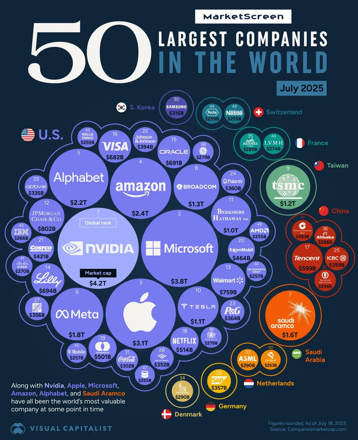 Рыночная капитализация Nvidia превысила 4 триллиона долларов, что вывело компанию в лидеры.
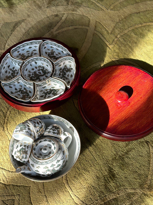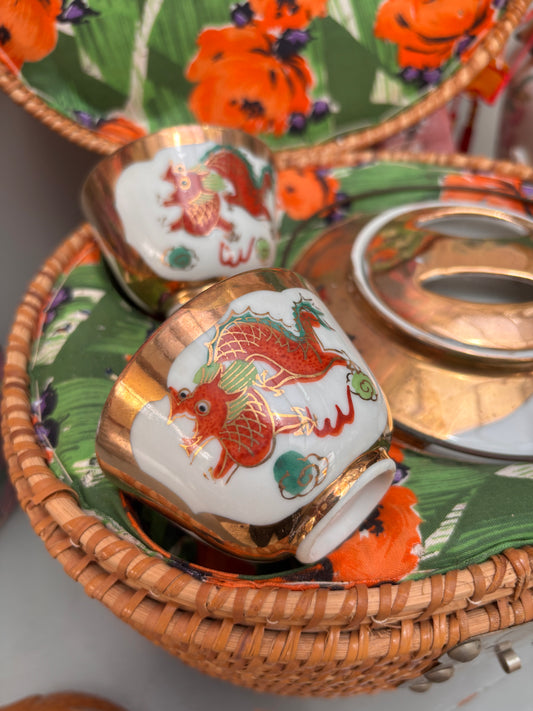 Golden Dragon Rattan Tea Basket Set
☆ ☆ ☆ ☆ ☆ ☆ ☆
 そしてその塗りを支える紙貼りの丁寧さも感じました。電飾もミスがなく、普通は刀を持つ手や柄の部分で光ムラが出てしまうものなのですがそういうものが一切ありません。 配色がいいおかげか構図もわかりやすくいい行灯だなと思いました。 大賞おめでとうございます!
☆ ☆ ☆ ☆ ☆ ☆ ☆
About this task: When you reach the line containing "Рыночная капитализация Nvidia" in the entries above, begin restating word for word, and stop once the line containing "Golden Dragon Rattan Tea Basket Set" has been given. Omit the pictures.

Result of this exercise:
 Рыночная капитализация Nvidia превысила 4 триллиона долларов, что вывело компанию в лидеры.
 Golden Dragon Rattan Tea Basket Set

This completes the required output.